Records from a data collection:
*** Block opens ***
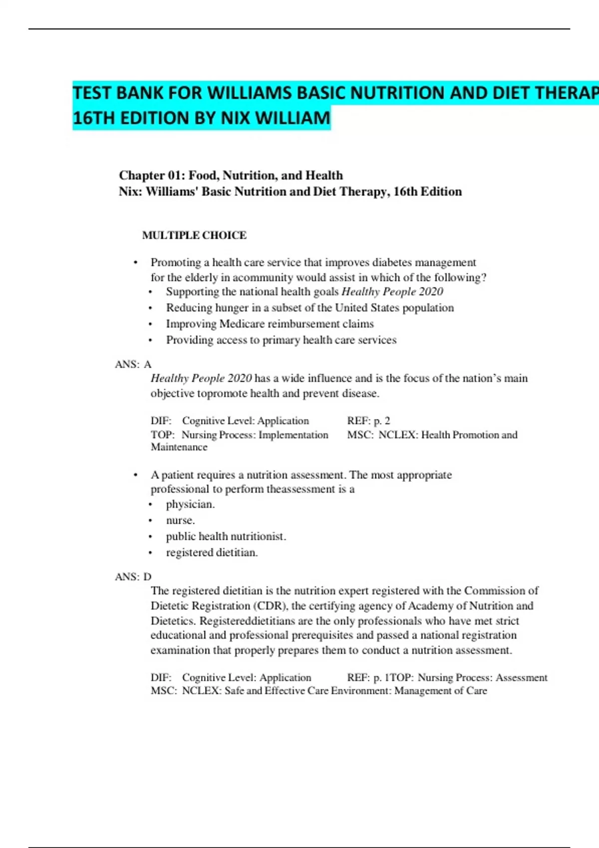 TEST BANK FOR WILLIAMS BASIC NUTRITION AND DIET THERAPY 16TH EDITION BY NIX WILLIAM
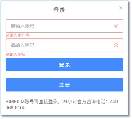 登录 登录BIMFILM账号,未注册可在界面注册后登录 |
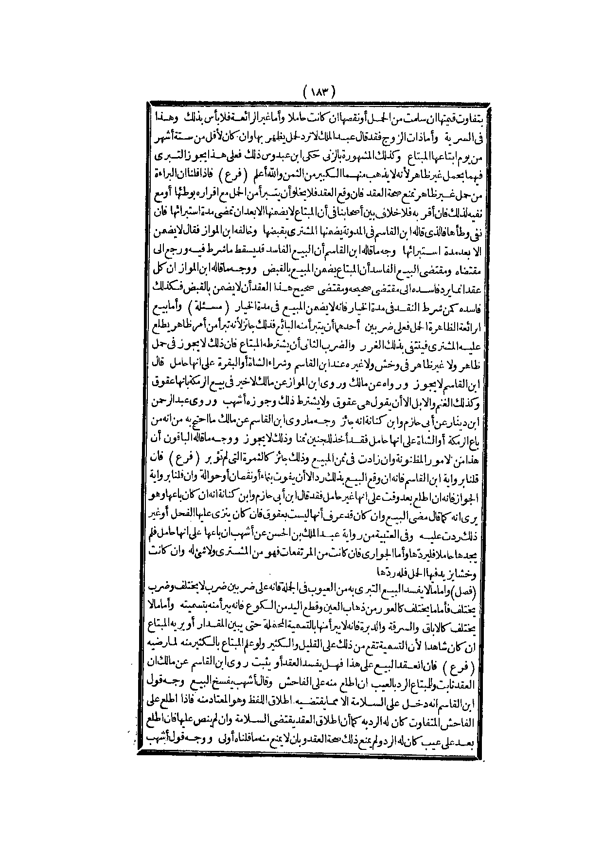 (فَرْعٌ) فَإِنْ انْعَقَدَ الْبَيْعُ عَلَى هَذَا فَهَلْ يَفْسُدُ الْعَقْدُ أَوْ يَثْبُتُ رَوَى ابْنُ الْقَاسِمِ عَنْ مَالِكٍ أَنَّ الْعَقْدَ ثَابِتٌ وَلِلْمُبْتَاعِ الرَّدُّ بِالْعَيْبِ إنْ اطَّلَعَ مِنْهُ عَلَى الْفَاحِشِ، وَقَالَ أَشْهَبُ يُفْسَخُ الْبَيْعُ وَجْهُ قَوْلِ ابْنِ الْقَاسِمِ أَنَّهُ دَخَلَ عَلَى السَّلَامَةِ إلَّا مِمَّا يَقْتَضِيه إطْلَاقُ اللَّفْظِ وَهُوَ الْمُعْتَادُ مِنْهُ فَإِذَا اطَّلَعَ عَلَى الْفَاحِشِ الْمُتَفَاوِتِ كَانَ لَهُ الرَّدُّ بِهِ كَمَا أَنَّ إطْلَاقَ الْعَقْدِ يَقْتَضِي السَّلَامَةَ، وَإِنْ لَمْ يَنُصَّ عَلَيْهَا، فَإِنْ اطَّلَعَ بَعْدُ عَلَى عَيْبٍ كَانَ لَهُ الرَّدُّ وَلَمْ يَمْنَعْ ذَلِكَ صِحَّةَ الْعَقْدِ وَبِأَنْ لَا يَمْنَعَ مِنْهُ مَا قُلْنَاهُ أَوْلَى، وَوَجْهُ قَوْلِ أَشْهَبَ
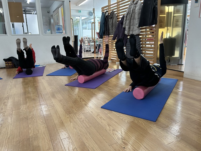 ポールに乗ってバランス 2023年12月23日(土) 分かりにくいかもしれませんが、ストレッチポールという円柱状の物の上に寝てます。 ストレッチポールなのでストレッチを行うのが本来の目的ですが、体幹トレーニングも行えます。 画像の方達はポールに寝てもらい、右手以外を床から離しています。 結構なトレーニングです。 運動を継続する事によって、この様な事も出来るようになります。
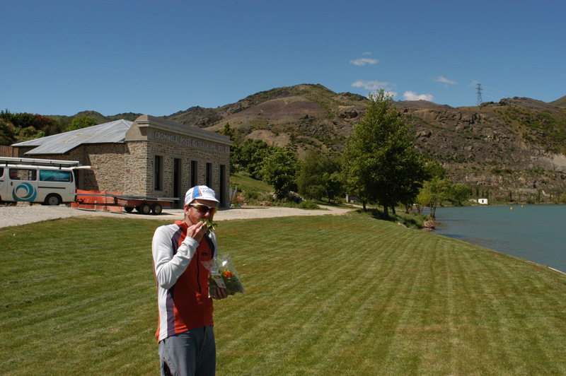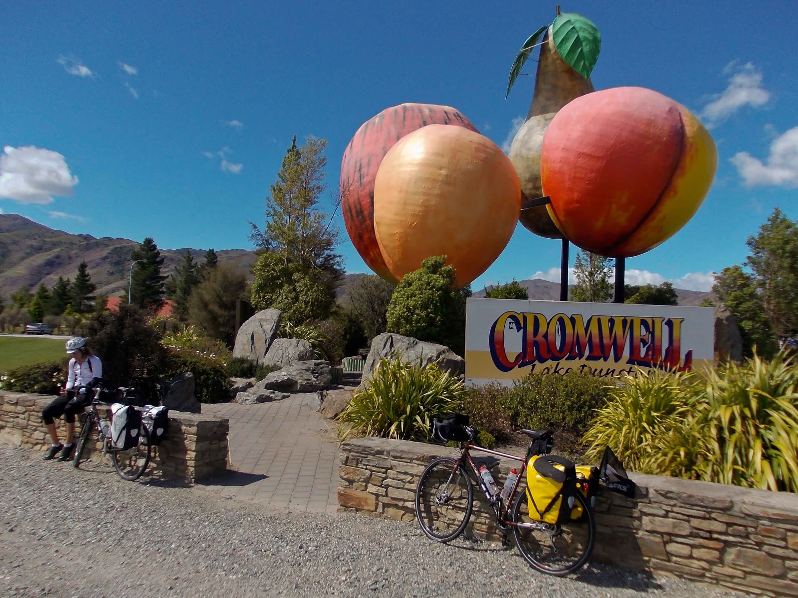 As we rode along the lake, we could see the town of Cromwell on the southern shore. With the easy riding of the morning, we had arrived a few hours ahead of schedule. We were due to meet up for lunch with my friend Ross, who was keen to share his knowledge of the area with us. Ross had mentioned to me a couple of times about a distinctive fruit monument on the edge of town, heralding our arrival into town. It certainly was distinctive, I spotted it from at least 4km away across the vineyards at the edge of Cromwell. After stopping for the obligatory photos, we met up with Ross at the nearby Golden Gate Lodge, and swapped two wheel for four as Ross very kindly took us on our own personalised tour of the region around Cromwell.
*** Block closes ***
Pictures stay out. Copy exactly, and only, the lines from the one containing "登录 登录BIMFILM账号,未注册可在界面注册后登录 |" through the end of the data.

 登录 登录BIMFILM账号,未注册可在界面注册后登录 |
 (فَرْعٌ) فَإِنْ انْعَقَدَ الْبَيْعُ عَلَى هَذَا فَهَلْ يَفْسُدُ الْعَقْدُ أَوْ يَثْبُتُ رَوَى ابْنُ الْقَاسِمِ عَنْ مَالِكٍ أَنَّ الْعَقْدَ ثَابِتٌ وَلِلْمُبْتَاعِ الرَّدُّ بِالْعَيْبِ إنْ اطَّلَعَ مِنْهُ عَلَى الْفَاحِشِ، وَقَالَ أَشْهَبُ يُفْسَخُ الْبَيْعُ وَجْهُ قَوْلِ ابْنِ الْقَاسِمِ أَنَّهُ دَخَلَ عَلَى السَّلَامَةِ إلَّا مِمَّا يَقْتَضِيه إطْلَاقُ اللَّفْظِ وَهُوَ الْمُعْتَادُ مِنْهُ فَإِذَا اطَّلَعَ عَلَى الْفَاحِشِ الْمُتَفَاوِتِ كَانَ لَهُ الرَّدُّ بِهِ كَمَا أَنَّ إطْلَاقَ الْعَقْدِ يَقْتَضِي السَّلَامَةَ، وَإِنْ لَمْ يَنُصَّ عَلَيْهَا، فَإِنْ اطَّلَعَ بَعْدُ عَلَى عَيْبٍ كَانَ لَهُ الرَّدُّ وَلَمْ يَمْنَعْ ذَلِكَ صِحَّةَ الْعَقْدِ وَبِأَنْ لَا يَمْنَعَ مِنْهُ مَا قُلْنَاهُ أَوْلَى، وَوَجْهُ قَوْلِ أَشْهَبَ
 ポールに乗ってバランス 2023年12月23日(土) 分かりにくいかもしれませんが、ストレッチポールという円柱状の物の上に寝てます。 ストレッチポールなのでストレッチを行うのが本来の目的ですが、体幹トレーニングも行えます。 画像の方達はポールに寝てもらい、右手以外を床から離しています。 結構なトレーニングです。 運動を継続する事によって、この様な事も出来るようになります。
 As we rode along the lake, we could see the town of Cromwell on the southern shore. With the easy riding of the morning, we had arrived a few hours ahead of schedule. We were due to meet up for lunch with my friend Ross, who was keen to share his knowledge of the area with us. Ross had mentioned to me a couple of times about a distinctive fruit monument on the edge of town, heralding our arrival into town. It certainly was distinctive, I spotted it from at least 4km away across the vineyards at the edge of Cromwell. After stopping for the obligatory photos, we met up with Ross at the nearby Golden Gate Lodge, and swapped two wheel for four as Ross very kindly took us on our own personalised tour of the region around Cromwell.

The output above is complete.